Мои гости всегда жаловались на состояние моих дорог, и та гонка со смертью убедила меня, насколько они правы. Сначала я дала править Фараху, но мне показалось, что он нарочно лезет на все глубокие ухабы и колдобины, и я сама взялась за руль. Мне пришлось сначала остано
виться у пруда и вымыть руки в черной воде. Расстояние до Найроби показалось мне бесконечно длинным, я подумала, что за время, потраченное на эту поездку, можно было бы добраться и до самой Дании.
Госпиталь для туземцев в Найроби находится на холме перед спуском в город. В больнице было совсем темно и совершенно тихо. Мы еле добудились нужных нам людей. В конце концов мы нашли старого местного доктора или фельдшера, который вышел к нам в странном ночном наряде. Это был высокий, очень спокойный толстяк, и у него была привычка делать какой-нибудь жест сперва одной рукой, потом непременно другой.
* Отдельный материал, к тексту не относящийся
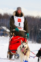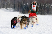 Musher Blake Matray, 41, from Two-Rivers, Alaska. A pilot for the Alaska Air National Guard, Blake Matray is participating in the 37th Iditarod. Leaving his state-of-the-art tanker jet behind, he's at the helm of a sled powered by a team of 14 dogs... That's what a Musher needs to endure the 1,000 miles of the toughest race on earth. |
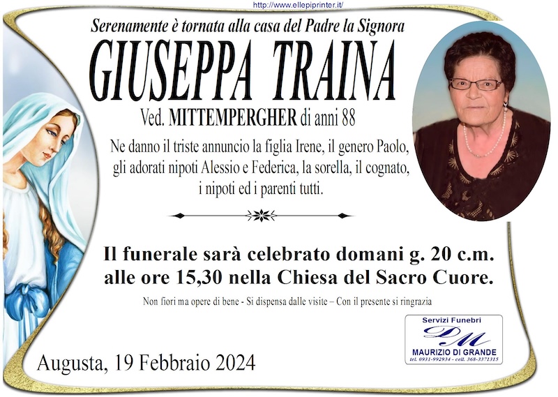 Necrologi – Si è spenta la signora Giuseppa Traina di anni 88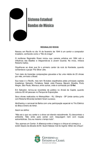 Reginaldo Rossi, né à Recife le 14 février 1944, est un chanteur et compositeur brésilien surnommé le 'roi du brega'. Avec plus de 300 compositions et une carrière débutée en 1964, il est célèbre pour ses spectacles à fort impact, notamment des performances massives au carnaval et des concerts en différentes capitales du pays. Il se décrit humblement comme un simple chanteur, se concentrant sur l'authenticité et la connexion avec son public.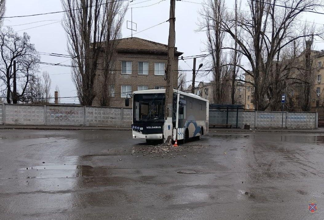 В Волгограде два пассажира автобуса были госпитализированы после аварии, в которой транспортное средство столкнулось с опорой ЛЭП.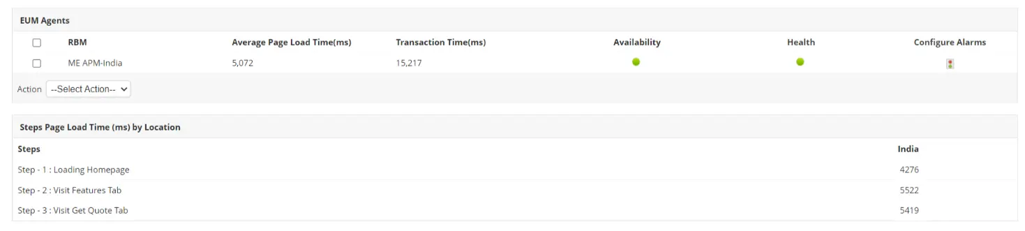 Using the Synthetic Transaction Monitoring recorder, you can easily record web transactions, and then replay the sequence in EUM agents. The recorded sequence is played back in a browser to mimic user behavior and collect the necessary metrics, which are sent to Applications Manager's Synthetic Transaction Monitoring Tool, providing a consolidated view of the data collected across all the agents for easy perusal.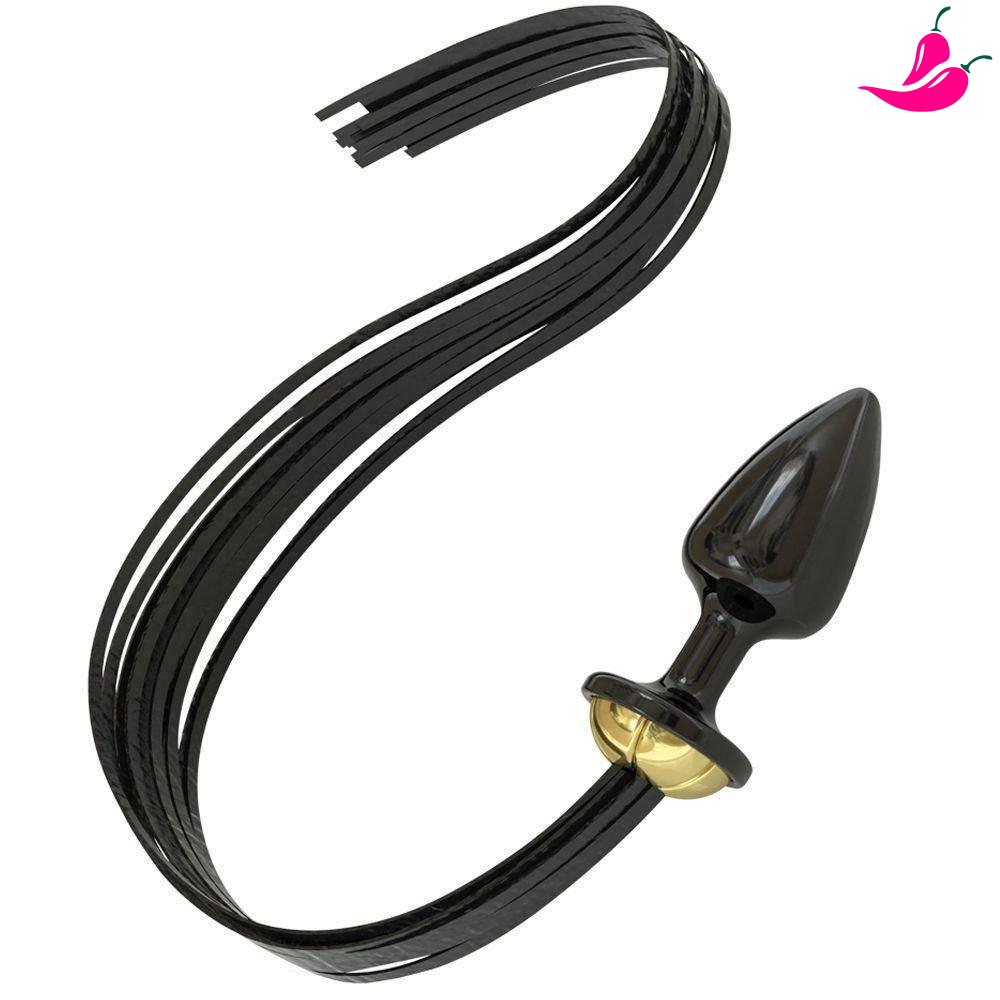 Plug anal fabricado em metal, com superfície lisa e chicote acoplado fabricado em couro sintético. Perfeito para incitar a curiosidade no parceiro e começar uma brincadeira sado com elegância. É perfeito para todos os tipos de corpo. Excitante demais!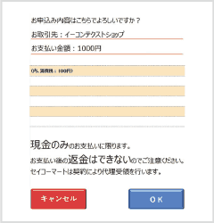 - お申込み時内容を確認のうえ、「OK」ボタンを押してください。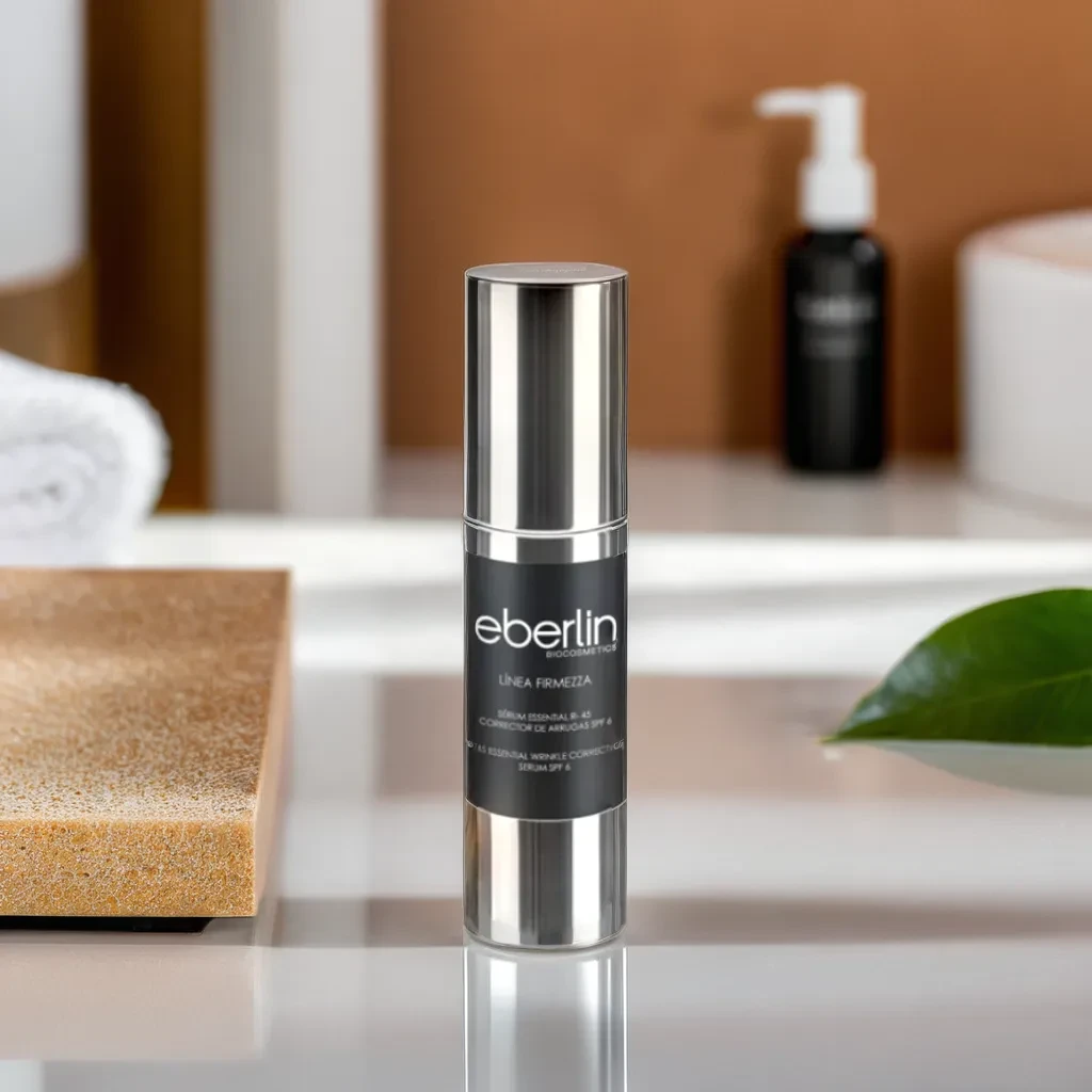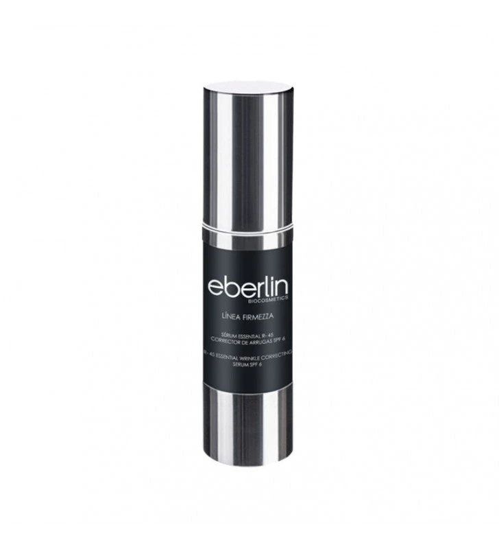 Sérum Essential R-45 de Eberlin es un suero específicamente formulado para pieles maduras. Combate los signos de la edad desde su punto de origen, el ADN celular. Mejora el sostén del tejido, aumenta de forma notable la síntesis de colágeno y elastina. Refuerza el sistema natural de la piel. Repara y bloquea las líneas de expresión. Re fuerza, revitaliza y reactiva la energía celular . Además, protege del fotoenvejecimiento y redefine el óvalo facial. Acelera el metabolismo celular y fija la humedad en la capa externa de la dermis.

Помогая вынести Вамаи из машины, я почувствовала, что он пошевельнулся и как-то вытянулся, но когда мы внесли его в ярко освещенную комнату, я поняла, что он мертв. Старый врач, махая рукой, все твердил: 'Он мертвый'. И тут же, указывая на Ваньянгери, повторил: 'Он живой'. Больше мы с этим стариком не встречались: я не ездила ночью в госпиталь, а он, вероятно, только по ночам и дежурил. Тогда меня страшно раздражала его суетливость, но некоторое время спустя мне стало казаться, что сама судьба, безучастно раздающая смерть или жизнь, встретила меня на пороге больницы, облаченная в диковинные просторные белые плащи, один поверх другого.
Но Ваньянгери вдруг очнулся, когда мы привезли его в больницу, и тут же затрясся от страха; он боялся, что мы его бросим, цеплялся за меня и за кого попало, рыдал и вопил в диком отчаянии. Наконец, старый Гоан сделал ему укол, взглянул на меня поверх очков и сказал: 'Он живой'. И я ушла, оставив детей в больнице -- и мертвого и живого, на носилках -- судьба определила, кому из них жить, а кому -- не жить.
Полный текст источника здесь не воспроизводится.